Gérard Haddad montre comment un peuple d’esclaves affranchis a donné au monde entier son invention du temps de la semaine scandée par sept jours avec le septième de repos. Le shabbat contribue donc à la structuration symbolique du temps et de l’espace, tout en étant la racine de la vigne du monothéisme, qui n’est pas un théomonisme.

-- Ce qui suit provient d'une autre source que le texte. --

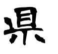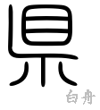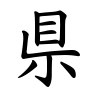 - #2旧字は縣に作り、𥄉(きよう)+系。𥄉は首を倒(さかさま)にして懸けた形。系はその紐。縣は懸首の意。〔説文〕九上に「繫(か)くるなり」とあり、すべて懸繫(けんけい)する意に用いる。金文の斉器〔叔夷鐘〕の銘に「其の縣三百」とあるのは、〔𦅫鎛(そはく)〕に「侯氏之れに邑二百又九十又九邑~を易(賜)(たま)ふ」とあるものと、ほぼ匹敵するものと考えられ、古く県は邑を単位とするものであったかと思われる。郡県の郡は、古く氏族国家の首長であった里君の所領地であり、また県は国の直接の支配地であった。ゆえに県・邑は賜与の対象とされた。(字通)

« Le shabbat ne structure pas seulement le temps et le travail humain, il structure aussi l’espace ». Et à propos du travail, Gérard Haddad vient d’y dédier un livre (le premier essai qu’il avait écrit et jamais publié auparavant) : Tripalium. Pourquoi le travail est devenu une souffrance.
Gérard Haddad indique à quel point « le shabbat a donné lieu à bien peu de commentaires de la part des psychanalystes », et qu’il faudrait développer la piste de la jouissance et du repos, plus que celle de la pulsion de mort, si ce n’est pas la même question qui est en jeu. En fait, pour nous la pulsion de mort n’est pas la pulsion de tuer, mais celle de la mort de l’identité, de la mort du principe de la pseudo vie, celle des maîtres et des esclaves. Le repos contre la logique qui supporte le travail sans droit au repos (de l’esclavage au servage). Voilà la force du shabbat : (76)

Didier Long, en historien du judéo-christianisme (parce que, comme croyant chrétien, il aurait survécu dans l’oubli de la racine juive) est confronté à la question de l’innesto. A un certain moment, la branche qui surgit avec Jésus devient une autre chose, elle n’est plus juive mais chrétienne. Et cela avec Paul, Saül. Long a dédié un livre à l’invention du christianisme, et nous le lirons. En fait, l’effacement de la racine juive, poussée jusqu’à l’extermination, a été ignoble : dans sa nature et dans son escalade à l’infini potentiel. C’est comme si Caïn, dans la construction de la ville, avait pu effacer le souvenir du meurtre d’Abel.
Didier Long ouvre l’archive blindé du christianisme, sans pousser plus loin les implications de l’affirmation qu’il est face à une théologie de la substitution. En particulier, il est confronté (et il nous confronte) avec l’imposition impériale de la fête romaine du jour du soleil transformé en dimanche, conduisant les chrétiens à oublier le shabbat. Ses vestiges ont laissé une faible trace dans ce qui est devenu le sixième jour de la semaine : le samedi.

Le souhait de Didier Long est que les chrétiens puissent se souvenir à nouveau du shabbat ; et ceci ouvrirait, sinon le débat entre deux monothéismes (tout en laissant la question de l’ouvrir au troisième monothéisme), au moins une faille dans deux constructions symboliques figées en monuments imaginaires.

Le shabbat seulement par sa survivance dans le dimanche, en posant l’instance du repos, constitue une digue contre la domination des maîtres et un appel à la liberté de la parole.

Ceci est encore plus fort pour nous qui venons de travailler un mois sans repos, c’est-à-dire obligés par l’économie et la finance locales et internationales. C’est de l’esclavage, il n’y a pas d’autres termes pour qualifier les lois non écrites du travail en Occident.

Or l’esclavagisme n’était pas seulement le fait de l’impérialisme romain, c’était aussi une institution juive. Mais au moins le shabbat poussait à respecter un jour de repos aussi pour les esclaves, en souvenir de l’esclavage des juifs en Egypte.

Les théistes et les athéistes (les athées comme terme ne donnent plus matière à penser) ne se souviennent pas d’avoir été esclaves en Egypte ou quelque part ailleurs. Ils sont libres par définition et ils font ce qu’ils veulent et donc ils acceptent l’inacceptable : renoncer au repos, c’est-à-dire au shabbat, au rythme, à l’arithmétique de la vie.

Sans repos ils sont tous agités jusqu’au mouvement extrême et immobile de la catatonie. Bien sûr, l’écriture c’est notre shabbat.